The Argument Reasoning Comprehension Task: Identification and Reconstruction of Implicit Warrants

Source code, data, and supplementary materials for our NAACL 2018 paper and for SemEval 2018 shared task. Use the following citation if you use any of the code or the data set:

@InProceedings{Habernal.et.al.2018.NAACL.ARCT,
  title     = {The Argument Reasoning Comprehension Task: Identification
               and Reconstruction of Implicit Warrants},
  author    = {Habernal, Ivan and Wachsmuth, Henning and
               Gurevych, Iryna and Stein, Benno},
  publisher = {Association for Computational Linguistics},
  booktitle = {Proceedings of the 2018 Conference of the North American Chapter
               of the Association for Computational Linguistics:
               Human Language Technologies, Volume 1 (Long Papers)},
  pages     = {1930--1940},
  month     = jun,
  year      = {2018},
  address   = {New Orleans, Louisiana},
  url       = {http://aclweb.org/anthology/N18-1175}

Abstract Reasoning is a crucial part of natural language argumentation. To comprehend an argument, one must analyze its warrant, which explains why its claim follows from its premises. As arguments are highly contextualized, warrants are usually presupposed and left implicit. Thus, the comprehension does not only require language understanding and logic skills, but also depends on common sense. In this paper we develop a methodology for reconstructing warrants systematically. We operationalize it in a scalable crowdsourcing process, resulting in a freely licensed dataset with warrants for 2k authentic arguments from news comments. On this basis, we present a new challenging task, the argument reasoning comprehension task. Given an argument with a claim and a premise, the goal is to choose the correct implicit warrant from two options. Both warrants are plausible and lexically close, but lead to contradicting claims. A solution to this task will define a substantial step towards automatic warrant reconstruction. However, experiments with several neural attention and language models reveal that current approaches do not suffice.

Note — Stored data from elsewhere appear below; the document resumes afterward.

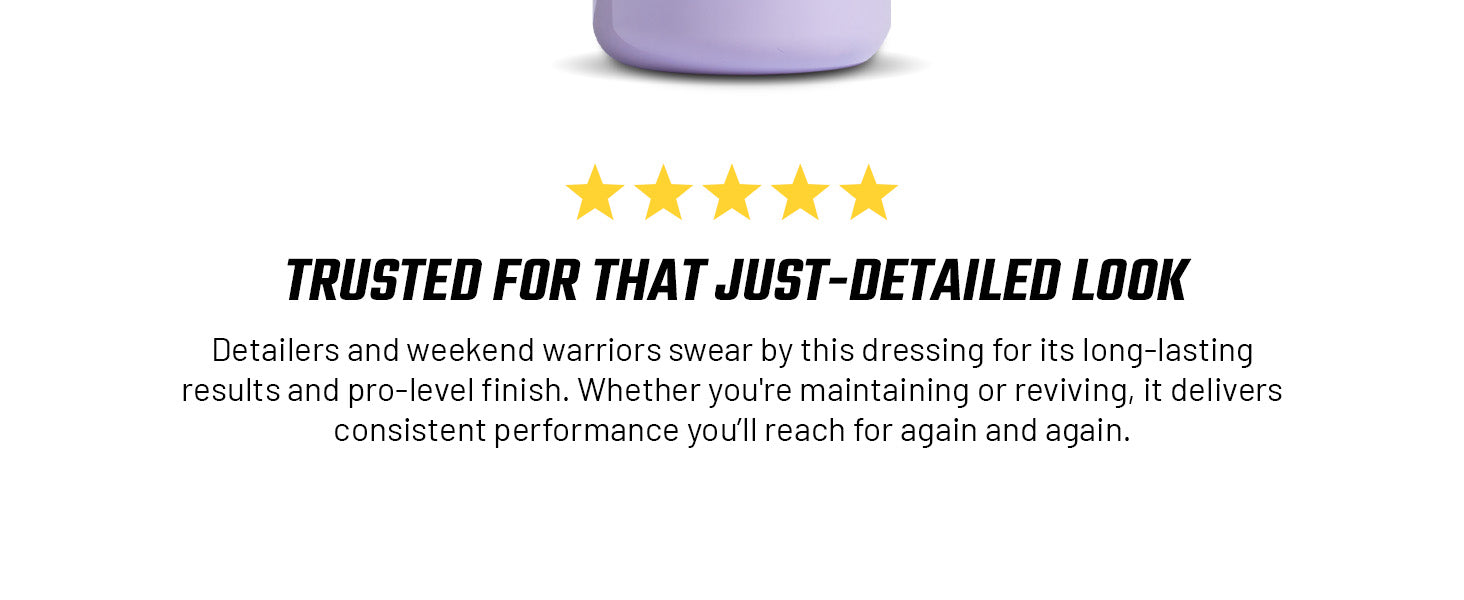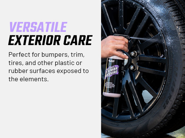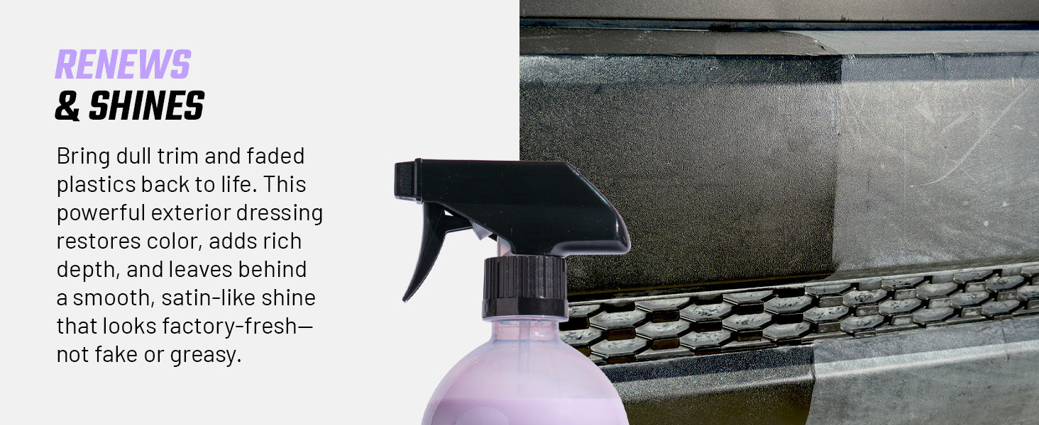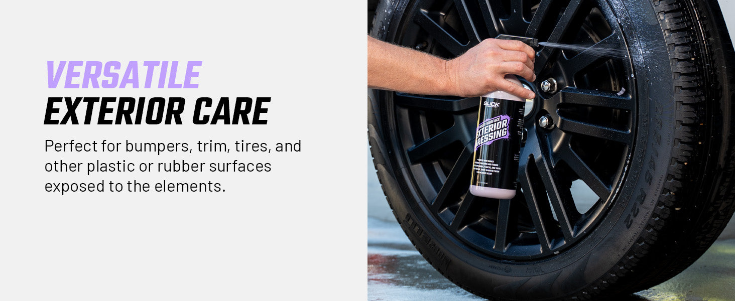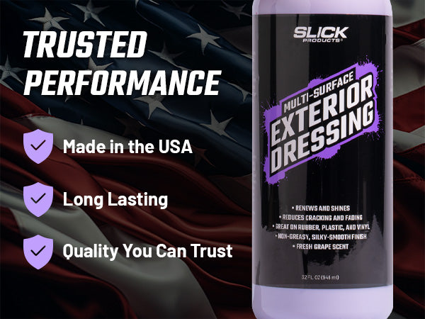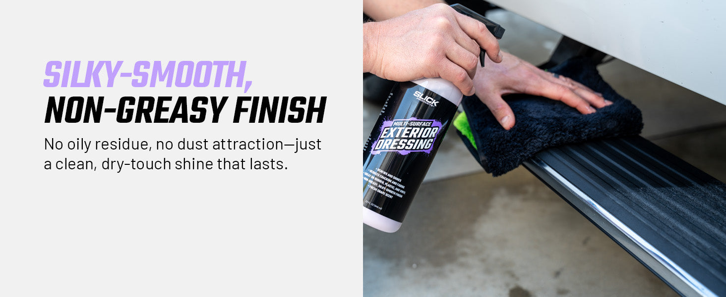 Slick Products Multi-Surface Exterior Dressing renews and shines surfaces while reducing discoloration, cracking, and fading. This non-greasy solution is best used on rubber, plastic, and vinyl, providing a silky-smooth finish. The ready-to-use cleaning solution should be applied directly to surfaces with a trigger sprayer or sprayed into a towel and then wiped on. Contains a fresh grape scent.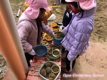 数を数えたり、砂山を高くしているときに「さらさらなんだ~」と物の性質に気づいたり、カップケーキを作ったあと水を足してクリームにしたりと様々に見えてきます。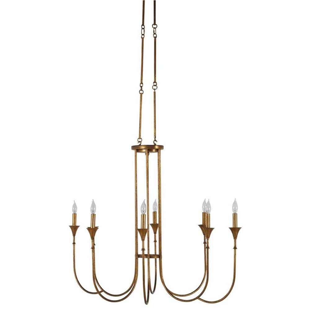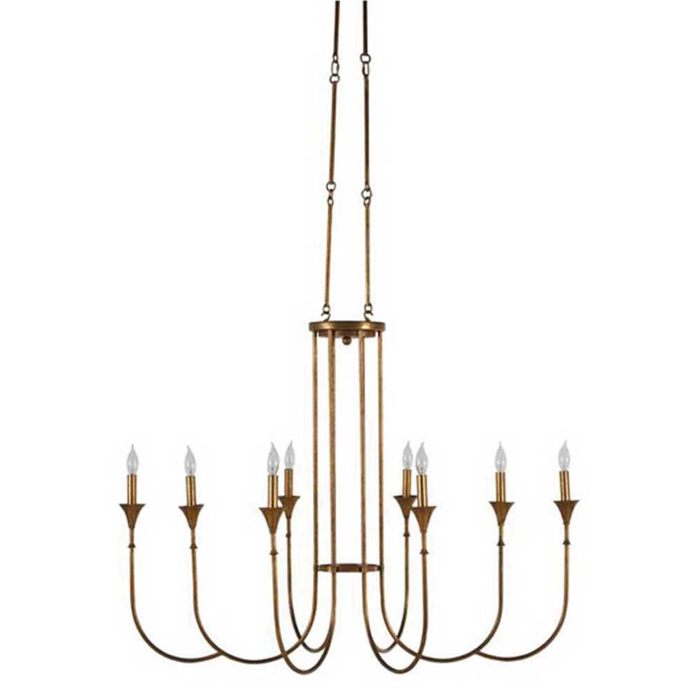 • Clay French Distressed Vintage Gold Iron Column Chandelier - Large|Kathy Kuo Home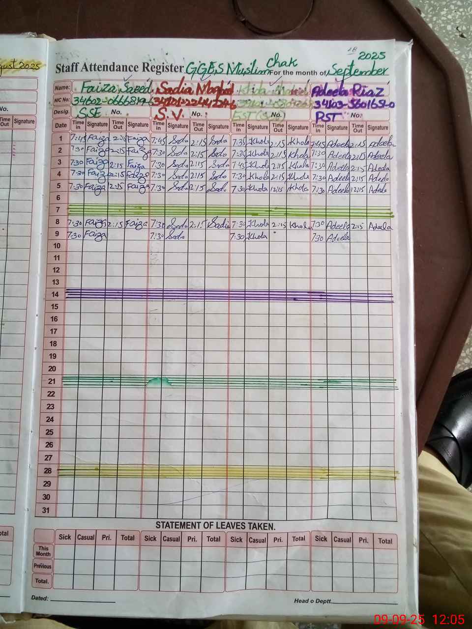 | CNIC | Full Name | Designation | R/C | Absence during last cal. month |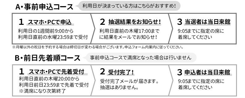 午前9時10分以降に来館される方は、抽選ではなく先着順(席が空き次第のご利用)となります。
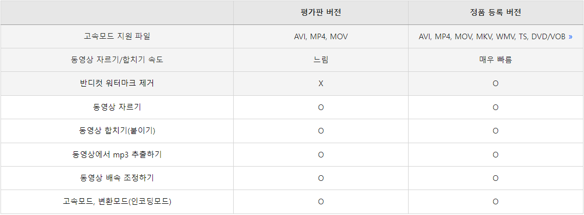 주요 기능 | • 고속모드 지원파일 • 동영상 자르기/합치기 속도 • 워터마크 제거 • 동영상 mp3 추출기능 • 동영상 배속 조정기능 |
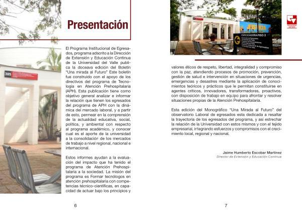 El Programa Institucional de Egresados , programa adscrito a la Dirección de Extensión y Educación Continua de la Universidad del Valle publica la doceava edición del Boletín “ Una mirada al Futuro ” Este boletín fue construido con el apoyo de los directivos del programa de Tecnología en Atención Prehospitalaria ( APH ). Esta publicación tiene como objetivo general analizar e informar la relación que tienen los egresados del programa de APH con la dinámica del mercado laboral , y a partir de esto , permear en la comprensión de la actualidad educativa , social , política , y ambiental con respecto al programa académico , y conocer cual es el aporte de la universidad a la consolidación de los mercados de trabajo a nivel regional , nacional e internacional .

For license information, see LICENSE and NOTICE.txt. This repository contains experimental software and is published for the sole purpose of giving additional background details on the respective publication.

SemEval2018 Data

Data for SemEval are in a simple plaintext tab-separated format. The first line is a comment (column headers) and each line is then a single instance in the following form:

id warrant0 warrant1 correctLabelW0orW1 reason claim debateTitle debateInfo
9975147_345_A34QZDSTKZ3JO9 scholarships would give women a chance to study scholarships would take women from the home 0 Miss America gives honors and education scholarships. Miss America is good for women There She Is, Miss America In 1968, feminists gathered in Atlantic City to protest the Miss America pageant, calling it racist and sexist. Is this beauty contest bad for women?

where warrant0 and warrant1 are warrant and alternative warrant. If correctLabelW0orW1 is 0, then warrant0 is correct (thus the warrant) and warrant1 is incorrect (thus the alternative warrant) for this particular argument. Similarly, if correctLabelW0orW1 is 1, then warrant0 is the alternative warrant and thus incorrect, and warrant1 is the warrant and thus correct.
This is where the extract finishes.